Efficient way to remove half of the duplicate items in a list
If order isn't important, a way would be to get the odd or even indexes only after a sort. Those lists will be the same so you only need one of them.
l = [1,8,8,8,1,3,3,8]
l.sort()
# Get all odd indexes
odd = l[1::2]
# Get all even indexes
even = l[::2]
print(odd)
print(odd == even)
Result:
[1, 3, 8, 8]
True
Use a counter to keep track of the count of each element
from collections import Counter
l = [1,8,8,8,1,3,3,8]
res = []
count = Counter(l) # its like dict(1: 2, 8: 4, 3: 2)

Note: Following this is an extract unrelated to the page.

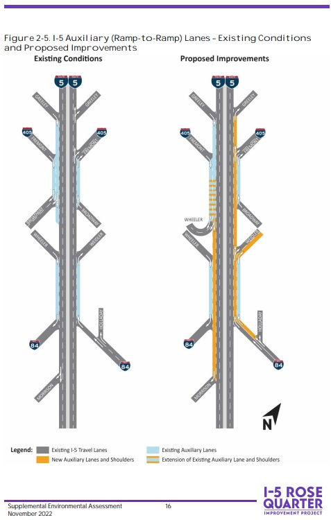 A similar hazard will be present for northbound traffic. NB I-5 users will now have to change lanes TWICE to exit at Weidler/Moda Center or I-405, first weaving to their right across the auxiliary lane ending at Greeley and then changing lanes into the auxiliary lane to I-405 Weidler exit. NB I-5 users wishing to exit at Greeley will have to decide when to weave and change lanes at I-84, at Weidler, or after I-405 to take the Greeley Ave exit. Users from Broadway on ramp will have to change lanes TWICE to get onto NB I-5 and users in one of the I-84 on ramp lanes will have to change lanes TWICE to get onto NB I-5

for key, val in count.items():
res.extend(val//2 * [key])
print(res)
# output
[1, 8, 8, 3]
Since you guarantee that each element of the list occurs a multiple of 2, then it is faster to build the counter as you build the output list, rather than building a counter (or sort) first and using it later.
l = [1,8,8,8,1,3,3,8]
count={}
res=[]
for i in l:
if i in count: count[i]+=1
else: count[i]=1
if count[i]%2: res.append(i)
print(res)
Output
[1,8,8,3]
EDIT Comparing time/expense of each method
Using the timeit
module shows that this approach is 2.7 times faster than using a counter first.
i.e.
def one():
l = [1,8,8,8,1,3,3,8]
count={}
res=[]
for i in l:
if i in count: count[i]+=1
else: count[i]=1
if count[i]%2: res.append(i)
#print(res)
def two():
from collections import Counter
l = [1,8,8,8,1,3,3,8]
res = []
count = Counter(l) # its like dict(1: 2, 8: 4, 3: 2)
for key, val in count.items():
res.extend(val//2 * [key])
o=timeit.Timer(one)
t=timeit.Timer(two)
print(o.timeit(100000))
print(t.timeit(100000))
print(o.timeit(100000))
print(t.timeit(100000))
Output (seconds)
0.28666
0.80822
0.28678
0.80113
If order isn't important, then Wimanicesir's method would be preferred with 4x greater speedup, with result of 0.07037 (~11 times faster than with counter approach).
UPDATE
I suspected that using the Counter
method in two
(unordered) may come with significant bloat or slow down in import, so I tested the "count first, compile result later" method while counting with the simple method here from one
(ordered)
count={}
for i in l:
if i in count: count[i]+=1
else: count[i]=1
which was much faster than Counter
. Replacing Counter
in two
of the tests defined resulted in a time of 0.31 instead of 0.80. Still slightly faster to compile (ordered) result during counting as in two
, however. And much faster for unordered result to use Wimanicesir's method.